You can make use of built-in role like SQL Server Contributor which allows operations like manage SQL Servers and Databases. If you want to know more in detail, go through this reference.
If you want to create a custom role for all these, make sure you have Owner or User Access Administrator role on the subscription. You can create a custom role in 3 ways:
Clone a role – You can make use of existing roles and modify the permissions by adding and deleting them according to your need.
Start from scratch – In this, you must add all permissions you need manually by picking them from their providers and excluding the permissions you don’t need.
Start from JSON – Here, you can just upload a JSON file where you can create separately by including all needed permissions in Actions variable whereas excluded permissions in notActions variable. If the permissions are related to data, then add them to DataActions and notDataActions based on your need. In Assignable scope, you can include the scope where the role should be available i.e., subscription or resource group as per need.
Considering baseline security, it is always suggested to give read permissions only. But as you need write permission for blob container and building pipeline, you can just add only those(read/write) in Actions section and remaining all(delete) in NotActions section.
If you want to add additional actions, simply include those permissions in Actions section in JSON file and make sure to give read permissions to resource groups.
A sample custom role JSON file for your reference:
{
"assignableScopes": [
"/"
],
"description": "Combining all 3 requirements",
"id": "/subscriptions/{subscriptionId}/providers/Microsoft.Authorization/roleDefinitions/***************************",
"name": "**********************",
"permissions": [
{
"actions": [
"Microsoft.Authorization/*/read",
"Microsoft.Resources/subscriptions/resourceGroups/read",
"Microsoft.ResourceHealth/availabilityStatuses/read",
"Microsoft.Resources/deployments/*",
"Microsoft.Storage/storageAccounts/blobServices/containers/read",
"Microsoft.Storage/storageAccounts/blobServices/containers/write",
"Microsoft.DataFactory/dataFactories/*",
"Microsoft.DataFactory/factories/*",
"Microsoft.Sql/locations/*/read",
"Microsoft.Sql/servers/*",
],
"notActions": [
"Microsoft.Storage/storageAccounts/blobServices/containers/delete",
"Microsoft.Sql/servers/azureADOnlyAuthentications/delete",
"Microsoft.Sql/servers/azureADOnlyAuthentications/write"
],
"dataActions": [
"Microsoft.Storage/storageAccounts/blobServices/containers/blobs/delete",
"Microsoft.Storage/storageAccounts/blobServices/containers/blobs/read",
"Microsoft.Storage/storageAccounts/blobServices/containers/blobs/write",
"Microsoft.Storage/storageAccounts/blobServices/containers/blobs/move/action",
"Microsoft.Storage/storageAccounts/blobServices/containers/blobs/add/action"
],
"notDataActions": []
}
],
"roleName": "Custom Role Contributor",
"roleType": "CustomRole",
"type": "Microsoft.Authorization/roleDefinitions"
}
Reference:
Azure custom roles - Azure RBAC | Microsoft Docs

Related

ADLS Gen2 --> ACL on a folder level

I have a question regarding permissions for ADLS Gen2
short description:
I have a Gen2 storage account and created a container.
Folder Structure looks something like this
StorageAccount1
--->Container1
--->Folder1
--->Files 1....n
Also i have a service principal from a customer..
Now i have to provide the customer write only permission to only Folder1 (should not be able to delete files inside Folder1)
I have assigned the service principle below permissions in the Access control list
Container1 --> Execute
Folder1 --> Write , Execute
with this the customer can now put data into this Folder1.. but how do i prevent him from deleting any files inside it? ( i dont wanna use SAS )
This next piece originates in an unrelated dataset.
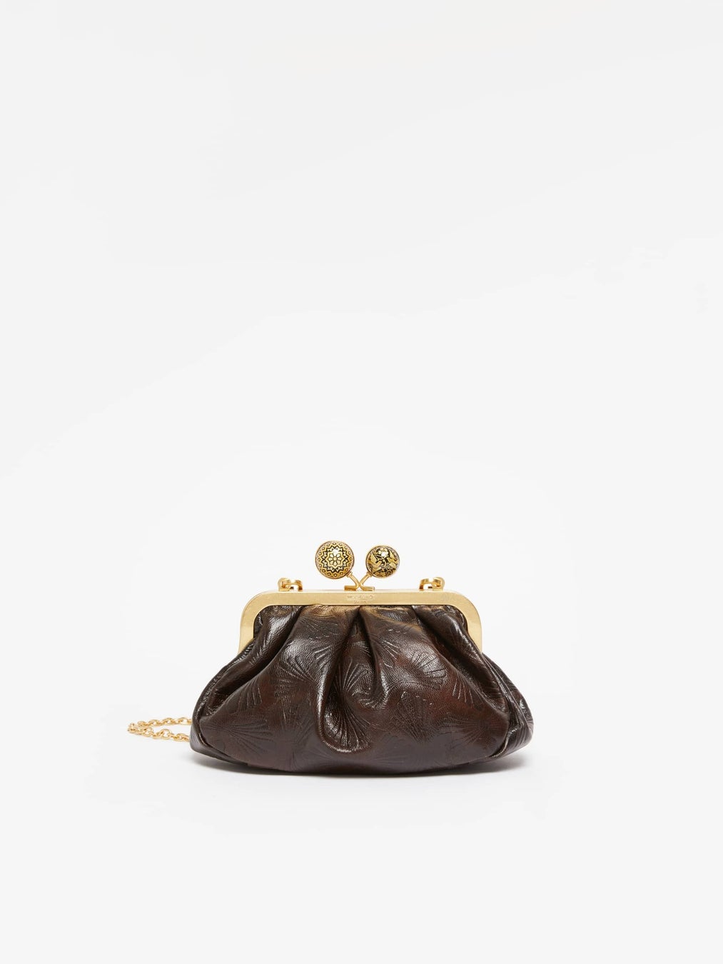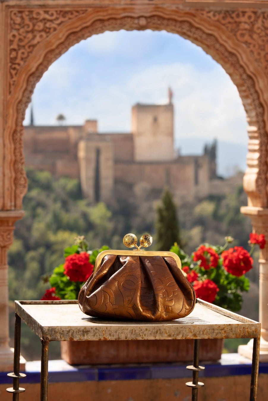 “パスティチーノ バッグ”のアイコンであるスフィア型のクラスプは、スペインの伝統技法、ダマスキナード(象嵌細工)によって、デコラティブに再解釈されています。彫刻された鉄にゴールドとシルバーが繊細に埋め込まれ、ブラックとのコントラストがその輝きを一層引き立たせます。またダマスキナードの後に二段階にわたって施されるゴールド装飾により、複数のゴールドの色調が生まれ、奥行きのある美しさが表現されています。更に、スフィアの輝きを長く保つため、最後に保護用ラッカーでコーティングが施されています。

Or is there any other way other than ACL?
Please help :)
ACL for ADLSgen2
Please check if below can be worked.
ACLs are the way to control access to be applied on the file and
folder level unlike others which are for container level.
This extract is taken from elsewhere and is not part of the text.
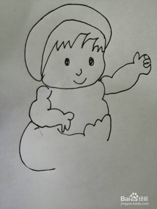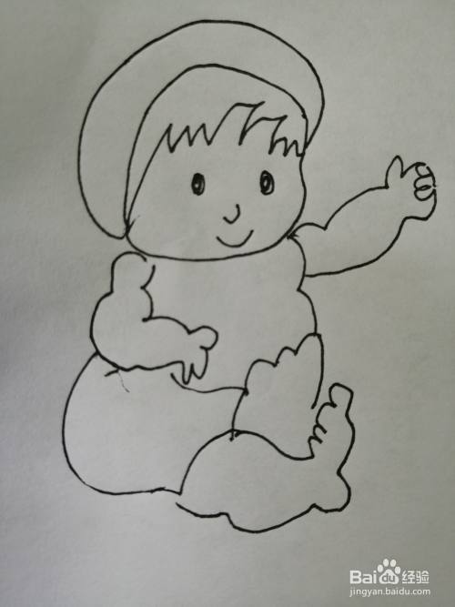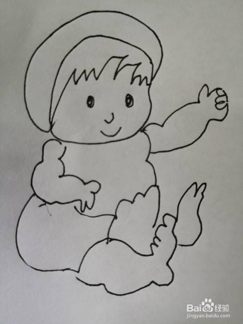 第七步,最后把可爱的小婴儿的另外一条腿也画出来。可爱的小婴儿就画好了。

Best practice is to always restrict access using (Azure RBAC)
on the Storage Account/Container level has several Azure built-in
roles that you can assign to users, groups, service principals, and
managed identities and then combine with ACLs with more restrictive
control on the file and folder level.
Ex: Storage Blob Data Contributor has read/write/delete permission .Assign an Azure role
If the built-in roles don't meet the specific needs of your
organization, you can create your own Azure custom roles.
Reference
To assign roles, you must be assigned a role that has role assignments write permission, such as Owner or User Access Administrator at the scope you are trying to assign the role.
To create a custom role with customized permissions.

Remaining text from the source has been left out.